O vislumbre da morte parece tornar o Moço impaciente, e o
Menino presencia e descreve o casal jovem discutindo a relação, discutindo o
que é o morrer, o querer, o lembrar. Ele e a Moça ficam de cara feia. E no dia
seguinte ele chama o cavalo, monta, e leva o Menino de volta para a casa dos
pais, de onde o trouxera. Acabou-se o passeio.
O trecho final é o regresso do Menino à casa, mas com a
visão transformada por esse episódio.
Nunca mais soube de nada do Moço, nem quem era, vindo junto comigo.
Reparei em meu pai, que tinha bigodes. Meu pai, estava dando ordens a dois
homens, que era para levantarem o muro novo, no quintal. Minha Mãe me beijou,
queria saber notícias de muita gente, olhava se eu não rasgara minha roupa, se
tinha ainda no pescoço, sem perder nenhum, os santos de todas as medalhinhas.
E eu precisei fazer alguma coisa, de mim, chorei e gritei, a eles dois:
“ – Vocês não sabem de nada, ouviram?! Vocês já se esqueceram de tudo o que,
algum dia, sabiam!...”
E eles abaixaram as cabeças, figuro que estremeceram.
Porque eu desconheci meus Pais – eram-me tão estranhos; jamais poderia
verdadeiramente conhecê-los, eu; eu?
Veja-se a sutileza desta pergunta final, porque o conto é
narrado na terceira pessoa, sempre se referindo a “o Menino”, e só no trecho
transcrito acima as recordações se tumultuam todas e se derramam incontíveis na
confissão pessoal. Era eu, o Menino. Foi comigo, essa coisa que eu não lembro
direito como foi. Seria isto, psicanaliticamente, o momento da cristalização do
Eu?...
É um episódio sobre velhice, morte, amor, lembrança. Uma
semi-recordação fundamente escavacada, e exumada aos pedaços, como um fóssil
arrancado por um trator.
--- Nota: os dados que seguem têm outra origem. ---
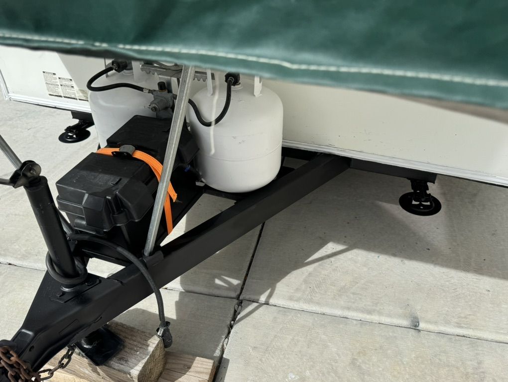 4 new tires and spare, bearings just fully serviced. EZ lube bearings installed to make servicing a breeze Two full 5g propane tanks Brand new interstate deep cycle battery just purchased Open Length: over 28F Closed Length: Approx 22F

A figura do Pai e da Mãe, talvez, compreendidos agora não como entidades fixas, mas como seres também arrastados pelo fluxo do Tempo, sujeitos à juventude, à velhice, à morte.
Guimarães Rosa viveu em Paris entre 1948 e 1950, como
primeiro-secretário e conselheiro da embaixada do Brasil. Voltou ao Brasil em
março de 1951, para ser chefe de gabinete do Ministro João Neves da Fontoura.
Alguém já me disse, mas nunca confirmei essa informação,
que nessa estadia em Paris ele teria feito análise com Jacques Lacan, numa fase
anterior à dos Seminários que tornaram Lacan famoso. Mesmo que não seja verdade,
faz um certo sentido. A obra do autor mineiro tem a reiterada busca da
infância, a mutabilidade das lembranças exumadas, o uso do trocadilho como
revelação e descoberta, o emprego de recursos da álgebra e da geometria como
formas de expressão literária. Para procurar (como diz o Menino) “o luar do meu mais-longe”.